A collar on MIAX is the collar strategy applied to MIAX (stock). The strategy is structurally neutral (protective): A collar pairs long stock with a protective out-of-the-money put financed by a short out-of-the-money call, capping both tails of the position around the current spot. With MIAX stock trading near $36.90, the strikes shown on this page are snapped to the nearest listed MIAX chain strike and the premiums come straight from the end-of-day bid/ask midpoint.
How are MIAX collar max profit and max loss calculated?
Max profit roughly equals short-call strike minus cost basis plus net premium; max loss roughly equals cost basis minus long-put strike minus net premium.
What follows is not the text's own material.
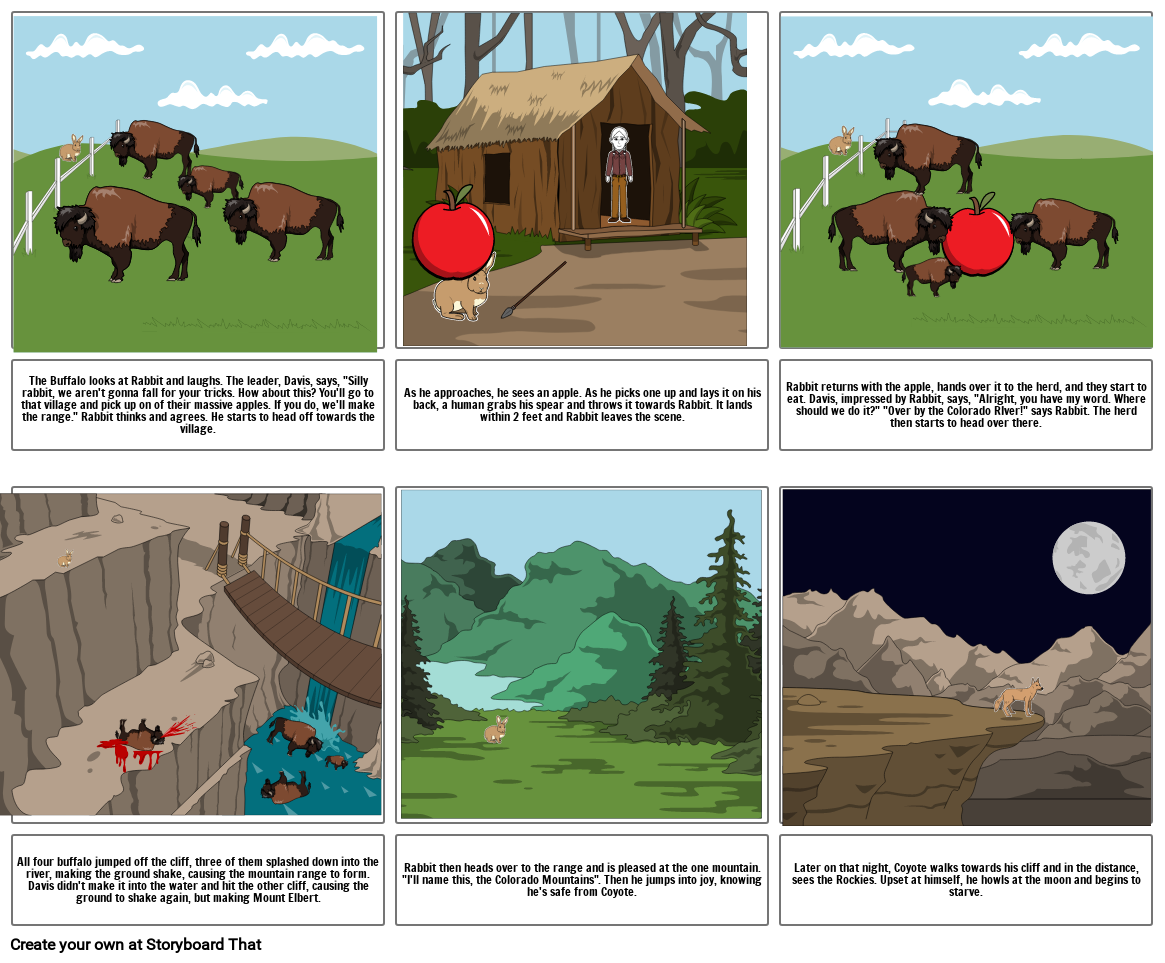 All four buffalo jumped off the cliff, three of them splashed down into the river, making the ground shake, causing the mountain range to form. Davis didn't make it into the water and hit the other cliff, causing the ground to shake again, but making Mount Elbert.

Breakeven shifts by the net premium. For the MIAX collar priced from the end-of-day chain at a 30-day expiry (ATM IV 59.10%), the computed maximum profit is unbounded per contract and the computed maximum loss is unbounded per contract. Live intraday quotes will differ as the chain moves through the trading session.
What is the breakeven for a MIAX collar?
The breakeven for the MIAX collar priced on this page is no defined breakeven on the modeled curve at expiration, derived from end-of-day chain premiums. Breakeven is the underlying price at which the strategy's P&L crosses zero ignoring transaction costs and assignment risk. The current MIAX market-implied 1-standard-deviation expected move is approximately 16.94%; if the move sits well outside the breakeven distance, the structure's risk-reward becomes correspondingly tighter.
When should you consider a collar on MIAX?
Collars on MIAX hedge an existing long MIAX stock position; the long put sets a floor while the short call finances it, often run as a near-zero-cost hedge during expected volatility windows.
How does current MIAX implied volatility affect this collar?
MIAX ATM IV is at 59.10% with IV rank near 7.34%, which is on the low end of its 1-year range. Premium-buying structures (long call, long put, debit spreads) are relatively cheap in this regime; premium-selling structures collect less credit per unit risk.